Zniszczona przez wybuch gazu kamienica jest już wyburzana. Ludzie przychodzą jednak pod nią, by zapalić znicze. Niektórzy żegnają się i modlą na ulicy. Inni wchodzą do pobliskiego kościoła oo. Dominikanów, w którym przez pierwsze godziny po tragedii schronienie znaleźli poszkodowani ludzie.
Jestem pewien, że oni wszyscy zostali zbawieni
Za dusze swoich parafian modli się o. Michał Śliż, proboszcz parafii Przemienienia Pańskiego.
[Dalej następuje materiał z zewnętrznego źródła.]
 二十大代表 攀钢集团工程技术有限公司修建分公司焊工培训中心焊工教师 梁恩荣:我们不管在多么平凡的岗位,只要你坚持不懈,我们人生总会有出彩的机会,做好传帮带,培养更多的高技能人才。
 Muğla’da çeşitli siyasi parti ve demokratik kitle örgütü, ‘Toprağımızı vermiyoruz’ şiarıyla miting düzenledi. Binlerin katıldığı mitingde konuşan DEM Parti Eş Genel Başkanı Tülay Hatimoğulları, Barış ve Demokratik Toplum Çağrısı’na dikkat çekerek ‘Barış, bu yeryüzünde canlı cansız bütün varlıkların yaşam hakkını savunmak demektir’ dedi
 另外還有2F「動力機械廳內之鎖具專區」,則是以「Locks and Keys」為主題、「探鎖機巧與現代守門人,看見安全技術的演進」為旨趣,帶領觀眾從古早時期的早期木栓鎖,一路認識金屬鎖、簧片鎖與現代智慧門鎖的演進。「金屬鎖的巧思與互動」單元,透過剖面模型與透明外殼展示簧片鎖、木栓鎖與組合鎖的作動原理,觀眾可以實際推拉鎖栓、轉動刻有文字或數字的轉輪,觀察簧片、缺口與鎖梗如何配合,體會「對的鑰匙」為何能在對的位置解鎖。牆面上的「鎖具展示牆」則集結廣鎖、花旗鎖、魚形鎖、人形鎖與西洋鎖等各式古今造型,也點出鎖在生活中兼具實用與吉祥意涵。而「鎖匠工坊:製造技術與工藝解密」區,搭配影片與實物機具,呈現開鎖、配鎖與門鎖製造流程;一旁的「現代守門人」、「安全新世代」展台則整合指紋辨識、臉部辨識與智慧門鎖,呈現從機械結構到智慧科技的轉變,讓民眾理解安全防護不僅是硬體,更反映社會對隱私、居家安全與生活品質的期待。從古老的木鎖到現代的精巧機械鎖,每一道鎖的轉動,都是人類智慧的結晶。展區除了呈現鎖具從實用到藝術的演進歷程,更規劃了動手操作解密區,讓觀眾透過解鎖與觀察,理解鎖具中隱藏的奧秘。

Dla niego to osobista tragedia, bo świetnie znał głęboko wierzącą rodzinę Darka Kmiecika. Pamięta, jak Darek podczas niedzielnych mszy nieraz musiał gonić po kościele za psocącym Remikiem... - Jestem pewien, że oni wszyscy zostali zbawieni, że trafili do nieba. Znałem ich bardzo dobrze, dlatego tak myślę - mówi o. Michał.
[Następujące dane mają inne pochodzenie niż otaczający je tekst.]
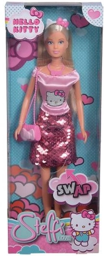 Bábika Steffi Hello Kitty ponúka módne oblečenie s flitrovou sukňou a swap efektom, ktoré zaujme každého malého módneho nadšenca. Súčasťou sú tiež doplnky, ako je náhrdelník, čelenka a malá kabelka, ktoré zdôrazňujú jej hravý charakter.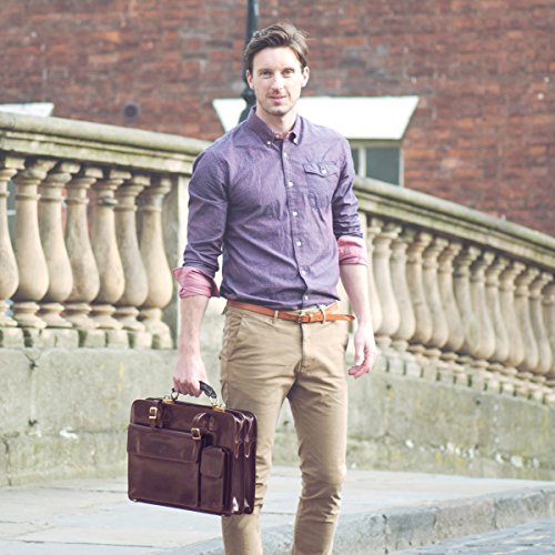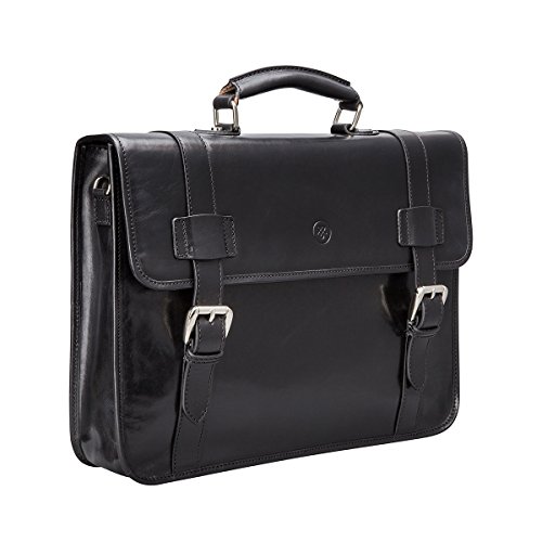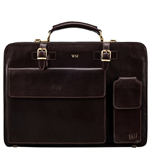 La sacoche cuir classique avocat Maxwell Scott avec large ouverture à 2 soufflets vous habille avec classe et élégance :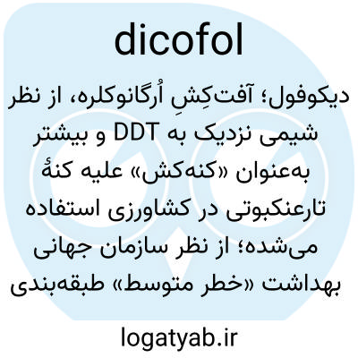 📌 یک جامد بلوری سفید، C14H9Cl5O، مشتق شده از DDT و برای محافظت از محصولات کشاورزی در برابر کنهها استفاده میشود.
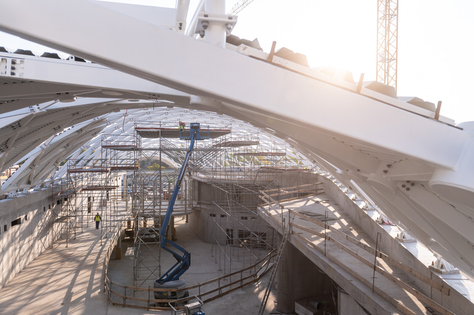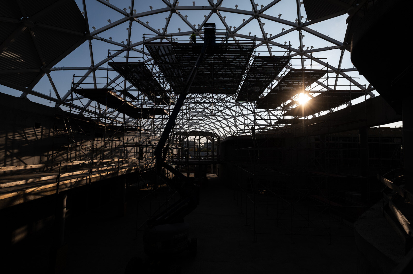 A munkaszinteket úgy alakították ki, hogy azok szélessége komfortos legyen a rajta dolgozó szakemberek számára, ennek megfelelően 2,5 és 3 méter szélességű munkaterületek születtek. A munkaszinteken háromsoros oldalvédelmet alakítottak ki, amely szintén igazodott az acélszerkezet geometriájához.

Zobacz też: Dariusz i Brygida Kmiecik zostali ZABICI?! Nowa teoria Ewy Stankiewicz: "Za wybuchem gazu w kamienicy mogli stać Rosjanie"
Msza pogrzebowa rozpocznie się o godz. 13. Potem zmarli zostaną odprowadzeni na cmentarz komunalny przy ul. Murckowskiej w Katowicach. To dość daleko od katedry, dlatego nie będzie zwyczajowego konduktu żałobnego. Żałobnicy będą mieli do dyspozycji kilka autobusów, którymi pojadą na cmentarz.
Przypomnijmy: do tragedii doszło w ubiegły czwartek nad ranem. Potężny wybuch rozerwał kamienicę przy ul. Chopina w Katowicach. W gruzach zginęli Brygida Frosztęga-Kmiecik (?33 l.), dziennikarka TVP, Dariusz Kmiecik (?34 l.), reporter TVN, oraz ich synek Remigiusz (?2 l.). Sześć innych rodzin straciło dach nad głową i cały dobytek.